Why "For the Agentic Era" Actually Means Something Here

A lot of 2026 tooling slaps "for AI agents" on the README and changes nothing about the design. Rmux earns the label because of three concrete properties:

1. Detachable execution + reconnect. When a Claude Code, Codex, or aider run is going for 45 minutes and your SSH connection dies, a regular shell loses the process. With rmux (or tmux), the daemon owns the PTY — the agent keeps running, the new SSH attaches and resumes the human view. For long-lived coding-agent sessions over flaky connections, this isn't a nice-to-have, it's the difference between "shipped" and "had to restart from scratch."

2. Structured snapshots, not byte streams. When an agent supervisor needs to know "did my child process print the success line yet?", a byte-stream pipe forces it to write a parser. A typed PaneSnapshot lets it pattern-match on rows and cells. The supervisor agent can be small and dumb because the data is shaped right.

3. Real ConPTY on Windows, no WSL. This is the one most projects skip. WezTerm, Alacritty, even some "cross-platform" Rust shells punt to "use WSL" on Windows. Rmux uses real ConPTY (the Windows pseudo-console API) and a per-user Named Pipe for IPC. If you're building agent tooling that has to run on a developer's actual Windows machine — or in a Windows Server VM in CI — that matters more than benchmarks.

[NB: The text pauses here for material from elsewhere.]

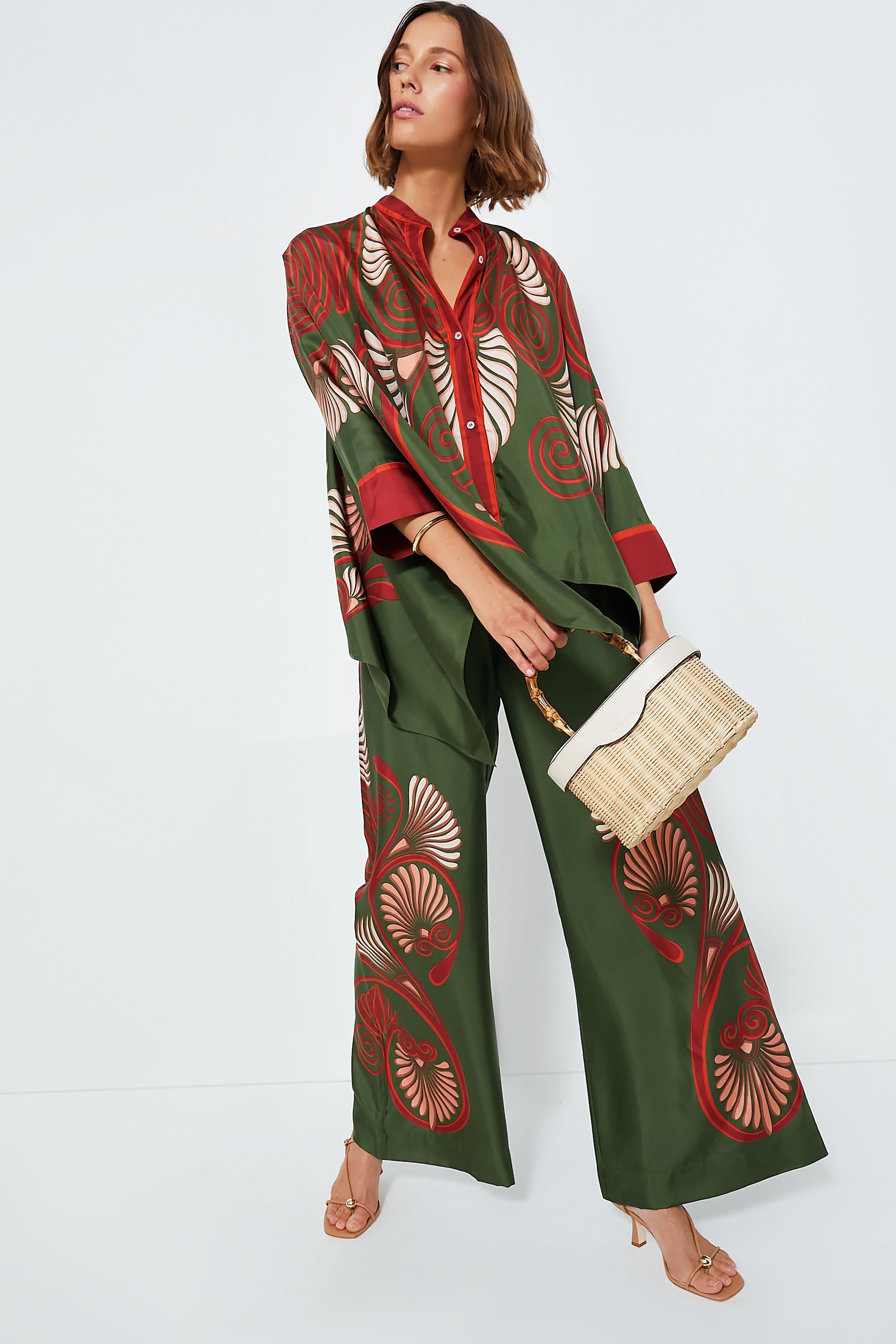 The Kerylos Placee Palazzo Pants are the standout style your closet needs. These trousers sit on the waist and fall flared. with a wide. breezy fit through the legs – like a skirt. but with the comfort of pants. A bellissima wardrobe addition in this chic and timeless print. Even better- pair with the matching Kerylos Placee Foulard Shirt for the full set!

Community Reception (First 24 Hours)

The Show HN thread is still young (39 points, 29 comments at time of writing — early but front-paging), and the author is actively replying. Representative threads:

  • "Why not just script-wrap tmux?" — tmux's automation surface is the same byte-stream-and-regex pattern that motivated rmux. Wrapping it doesn't fix the mismatch.
  • "Daemon protocol stability?"rmux-proto (the IPC DTO crate) is published publicly so SDKs in other languages can be built against it. Python and Node bindings aren't shipped, but the wire format is documented.
  • "What about screen / zellij?"screen predates structured automation as a concern. Zellij has a WASM-plugin-centric philosophy; rmux bets on out-of-process SDK clients instead. Different shape, not strictly competitive.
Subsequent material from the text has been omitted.